Step 4: Minimize BLOB Overhead in Joins
Avoid selecting unnecessary columns during joins. The original query’s performance degrades further when selecting * due to BLOB materialization. Restrict the result set to only required columns early in the query:
SELECT content_id
FROM (
SELECT content_id FROM first_db.lookups
) AS l
JOIN (
SELECT content_id FROM second_db.page_contents
) AS p USING (content_id)
GROUP BY content_id
LIMIT 10;
Step 5: Evaluate Database Consolidation
If cross-database joins remain problematic, consolidate tables into a single database. Attached databases introduce overhead in schema management and statistics aggregation. Test performance after merging:
-- In a new combined database
CREATE TABLE lookups (...) WITHOUT ROWID;
CREATE TABLE page_contents (...) WITHOUT ROWID;
Step 6: Monitor Temporary Storage Configuration
The USE TEMP B-TREE FOR GROUP BY in the query plan indicates heavy temporary storage usage. Configure SQLite’s temp storage to leverage memory instead of disk:
PRAGMA temp_store = MEMORY;
Adjust this pragma based on available RAM, as large B-trees may exhaust memory.
Step 7: Profile I/O and Cache Behavior
Use tools like sqlite3_analyzer or enable SQLite’s I/O profiling to identify bottlenecks:
PRAGMA cell_size_check = ON;
PRAGMA page_size = 4096; -- Match OS page size for optimal I/O
Step 8: Consider Application-Level Caching
For repetitive queries, cache content_id mappings in the application layer to reduce cross-database join frequency.
Step 9: Upgrade SQLite Version
Ensure the latest SQLite version is used, as optimizer improvements are regularly introduced.
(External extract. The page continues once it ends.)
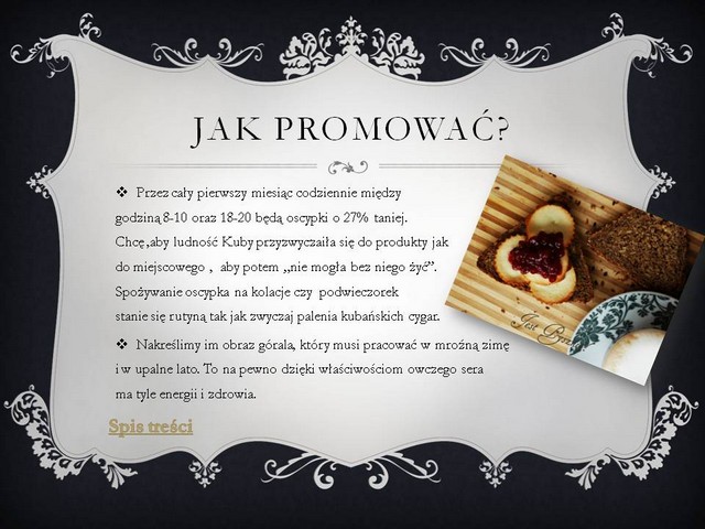 Autor: Gość, wysłano: 30.03.2013, 18:52 Gość - przeczytaj uważnie jeszcze raz prezentacje. Autor nie napisał , że gołka to oscypek lecz krowi wędzony ser , który również, chce wprowadzić na rynek. To się nazywa duszenie 2 pieczeni na jednym ogniu. Promuję oscypek, a przy okazji coś równie dobrego i przydatnego, Moim zdaniem praca bardzo fajnie zrobiona i zasługuje na 3 pkt. Bardzo fajna oprawa graficzna faktycznie kojarzy się z restauracją. |

For instance, version 3.45.0 enhanced join reordering heuristics.
Step 10: Use Subqueries or CTEs for Early Filtering
Push LIMIT and WHERE clauses into subqueries to reduce the working data set before joining:
WITH limited_lookups AS (
SELECT content_id FROM first_db.lookups LIMIT 10
)
SELECT content_id
FROM limited_lookups
JOIN second_db.page_contents USING (content_id)
GROUP BY content_id;
By systematically applying these steps, developers can mitigate the performance pitfalls of cross-database joins in SQLite, ensuring optimal index usage and planner decisions.